BEGIN EXTRACTED INFORMATION

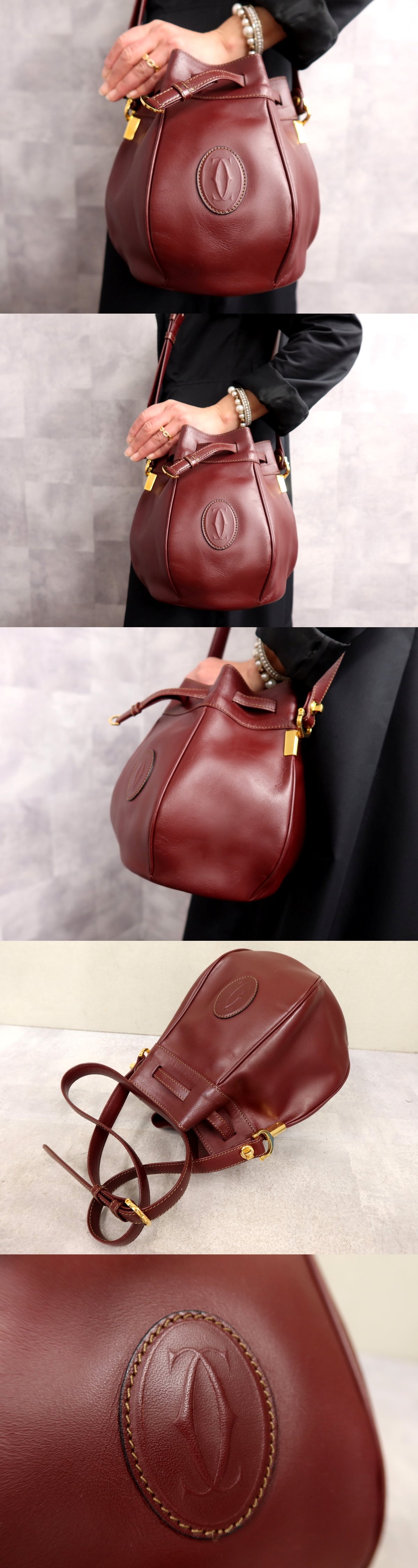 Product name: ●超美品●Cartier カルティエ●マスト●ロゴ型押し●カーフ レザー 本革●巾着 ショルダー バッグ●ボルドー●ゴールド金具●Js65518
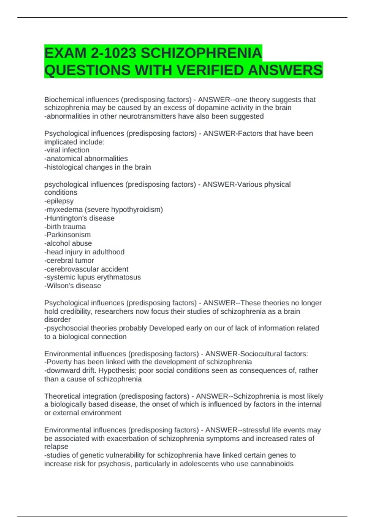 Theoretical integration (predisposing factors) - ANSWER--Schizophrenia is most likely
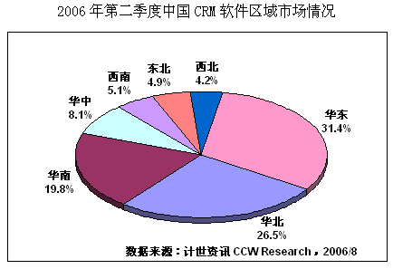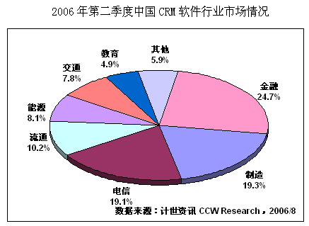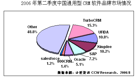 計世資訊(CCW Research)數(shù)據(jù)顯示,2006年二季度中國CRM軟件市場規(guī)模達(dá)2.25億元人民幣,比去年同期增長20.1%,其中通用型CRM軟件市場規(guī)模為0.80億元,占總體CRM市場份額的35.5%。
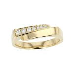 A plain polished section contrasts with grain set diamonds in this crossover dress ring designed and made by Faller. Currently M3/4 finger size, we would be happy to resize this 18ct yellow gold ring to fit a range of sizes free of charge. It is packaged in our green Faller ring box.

END EXTRACTED INFORMATION
BEGIN EXTRACTED INFORMATION

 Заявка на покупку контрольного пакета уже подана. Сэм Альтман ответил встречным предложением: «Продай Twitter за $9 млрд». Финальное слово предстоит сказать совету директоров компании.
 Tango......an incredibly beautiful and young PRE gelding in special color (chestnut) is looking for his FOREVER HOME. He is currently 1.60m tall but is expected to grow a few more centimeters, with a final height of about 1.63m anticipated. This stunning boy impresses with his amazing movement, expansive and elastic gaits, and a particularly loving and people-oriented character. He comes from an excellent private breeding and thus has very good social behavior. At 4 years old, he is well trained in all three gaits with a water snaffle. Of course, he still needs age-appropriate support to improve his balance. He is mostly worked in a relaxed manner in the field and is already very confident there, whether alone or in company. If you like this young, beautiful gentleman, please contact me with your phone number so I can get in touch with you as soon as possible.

END EXTRACTED INFORMATION
BEGIN EXTRACTED INFORMATION

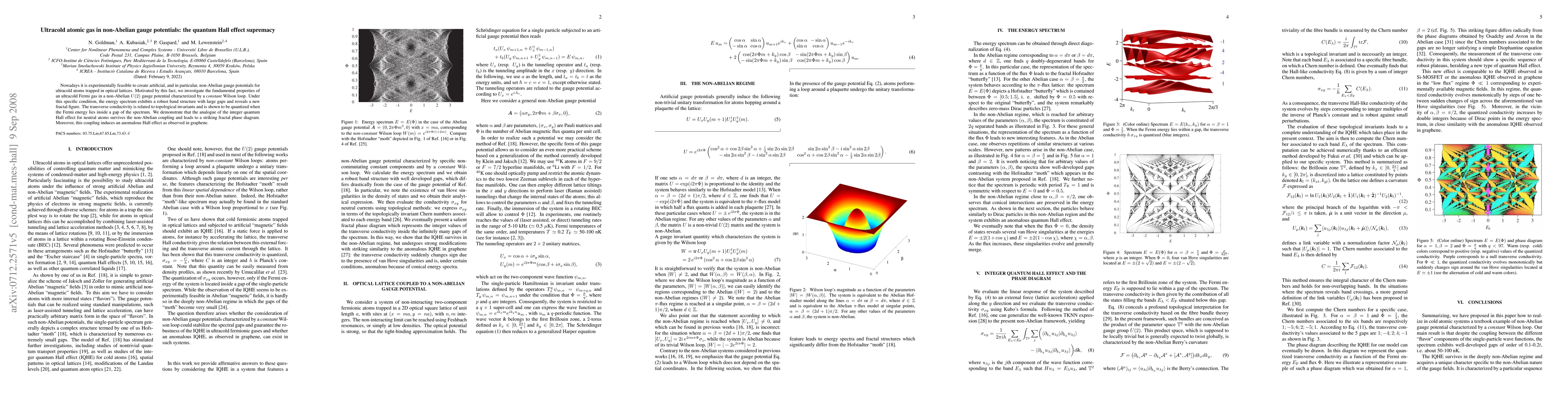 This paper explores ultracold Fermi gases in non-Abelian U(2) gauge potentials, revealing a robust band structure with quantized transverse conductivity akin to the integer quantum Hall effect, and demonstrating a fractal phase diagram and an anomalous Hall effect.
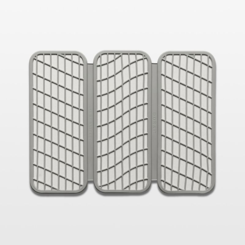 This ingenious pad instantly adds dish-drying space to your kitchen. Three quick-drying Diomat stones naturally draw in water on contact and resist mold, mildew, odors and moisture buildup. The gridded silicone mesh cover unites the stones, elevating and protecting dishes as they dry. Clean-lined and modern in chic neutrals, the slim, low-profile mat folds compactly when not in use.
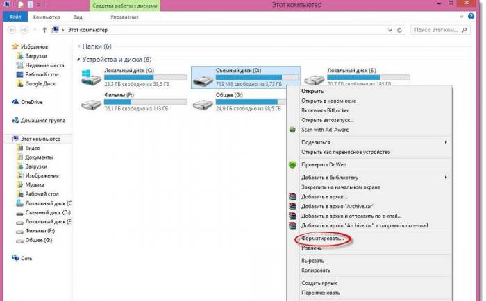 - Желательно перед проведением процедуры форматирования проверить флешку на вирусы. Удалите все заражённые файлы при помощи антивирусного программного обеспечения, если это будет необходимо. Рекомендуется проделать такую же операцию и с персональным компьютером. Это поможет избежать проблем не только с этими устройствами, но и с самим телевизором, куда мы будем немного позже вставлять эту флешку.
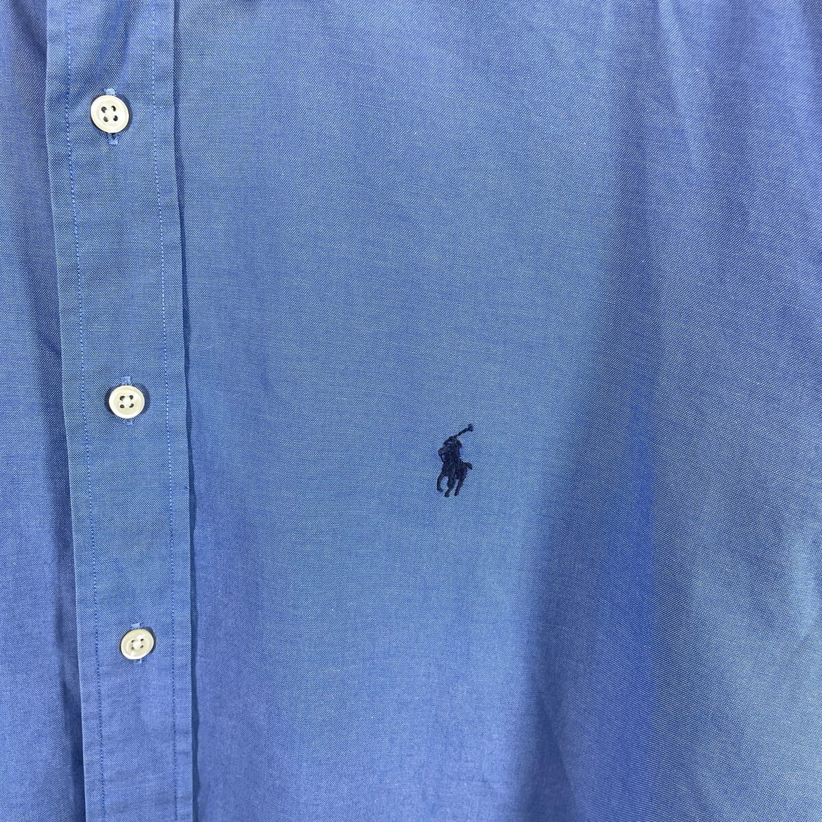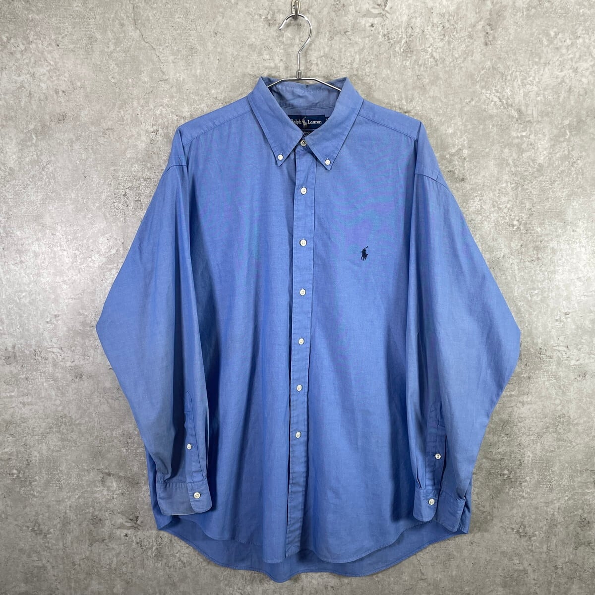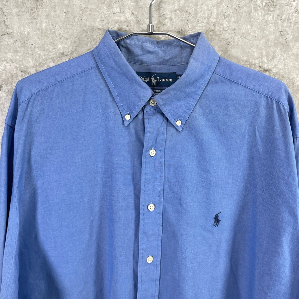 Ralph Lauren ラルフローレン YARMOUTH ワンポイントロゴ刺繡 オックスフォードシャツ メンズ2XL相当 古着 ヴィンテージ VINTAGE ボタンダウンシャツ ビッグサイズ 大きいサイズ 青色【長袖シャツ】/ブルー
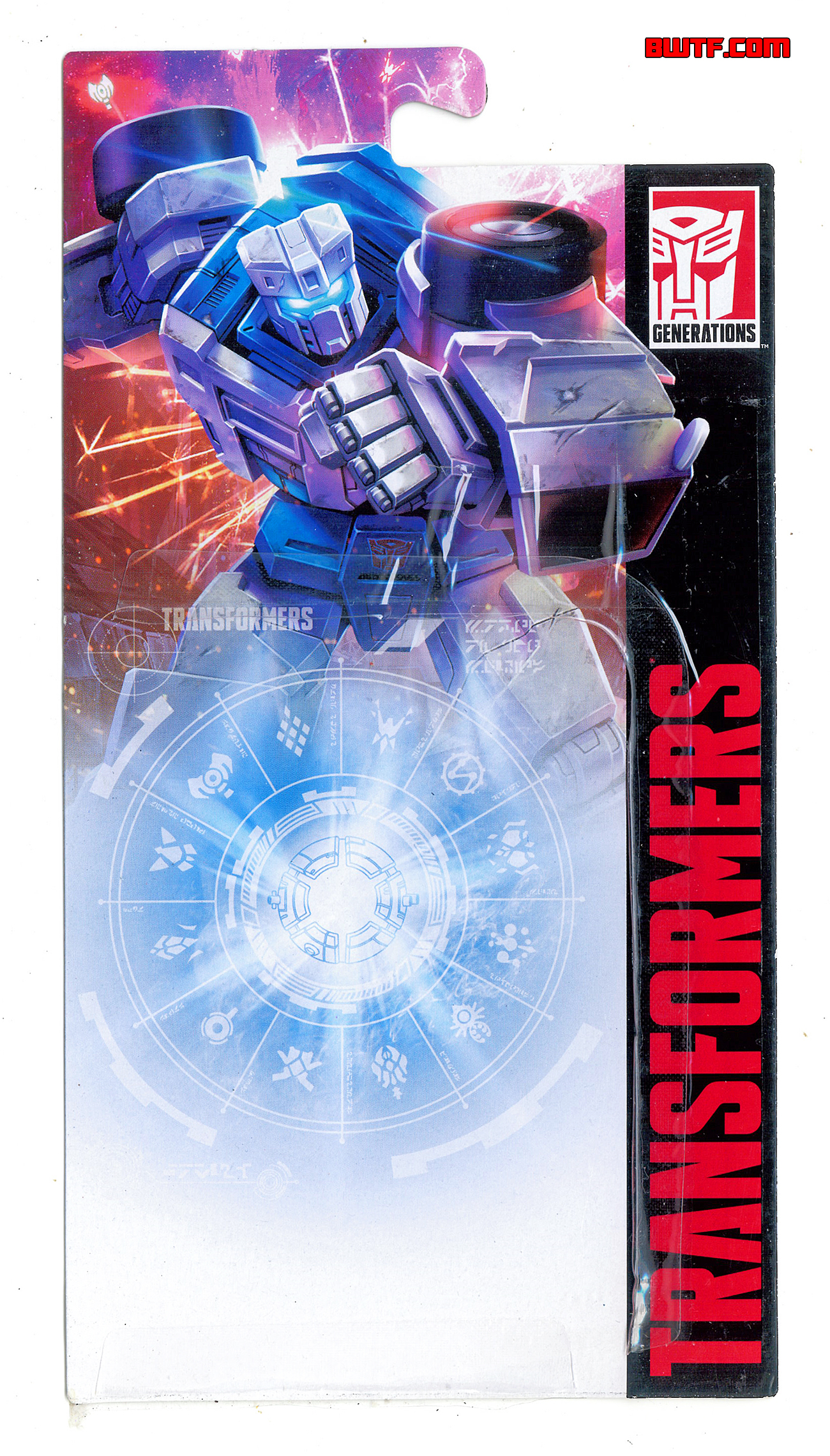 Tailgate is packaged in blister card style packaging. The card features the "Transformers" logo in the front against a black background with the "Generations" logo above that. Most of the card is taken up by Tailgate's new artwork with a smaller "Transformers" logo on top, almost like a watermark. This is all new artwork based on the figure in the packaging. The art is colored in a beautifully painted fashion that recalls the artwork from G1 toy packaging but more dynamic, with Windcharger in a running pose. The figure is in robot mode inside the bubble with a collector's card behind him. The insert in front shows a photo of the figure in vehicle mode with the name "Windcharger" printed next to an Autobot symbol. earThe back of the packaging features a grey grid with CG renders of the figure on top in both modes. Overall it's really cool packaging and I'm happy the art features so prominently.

END EXTRACTED INFORMATION

EXERCISE:
Everything above from the line that has "This paper explores" down to the line that has "Ralph Lauren ラルフローレン" should be output exactly, with both of those lines included. Leave the pictures behind.

PROBLEM SOLUTION:
 This paper explores ultracold Fermi gases in non-Abelian U(2) gauge potentials, revealing a robust band structure with quantized transverse conductivity akin to the integer quantum Hall effect, and demonstrating a fractal phase diagram and an anomalous Hall effect.
 This ingenious pad instantly adds dish-drying space to your kitchen. Three quick-drying Diomat stones naturally draw in water on contact and resist mold, mildew, odors and moisture buildup. The gridded silicone mesh cover unites the stones, elevating and protecting dishes as they dry. Clean-lined and modern in chic neutrals, the slim, low-profile mat folds compactly when not in use.
 - Желательно перед проведением процедуры форматирования проверить флешку на вирусы. Удалите все заражённые файлы при помощи антивирусного программного обеспечения, если это будет необходимо. Рекомендуется проделать такую же операцию и с персональным компьютером. Это поможет избежать проблем не только с этими устройствами, но и с самим телевизором, куда мы будем немного позже вставлять эту флешку.
 Ralph Lauren ラルフローレン YARMOUTH ワンポイントロゴ刺繡 オックスフォードシャツ メンズ2XL相当 古着 ヴィンテージ VINTAGE ボタンダウンシャツ ビッグサイズ 大きいサイズ 青色【長袖シャツ】/ブルー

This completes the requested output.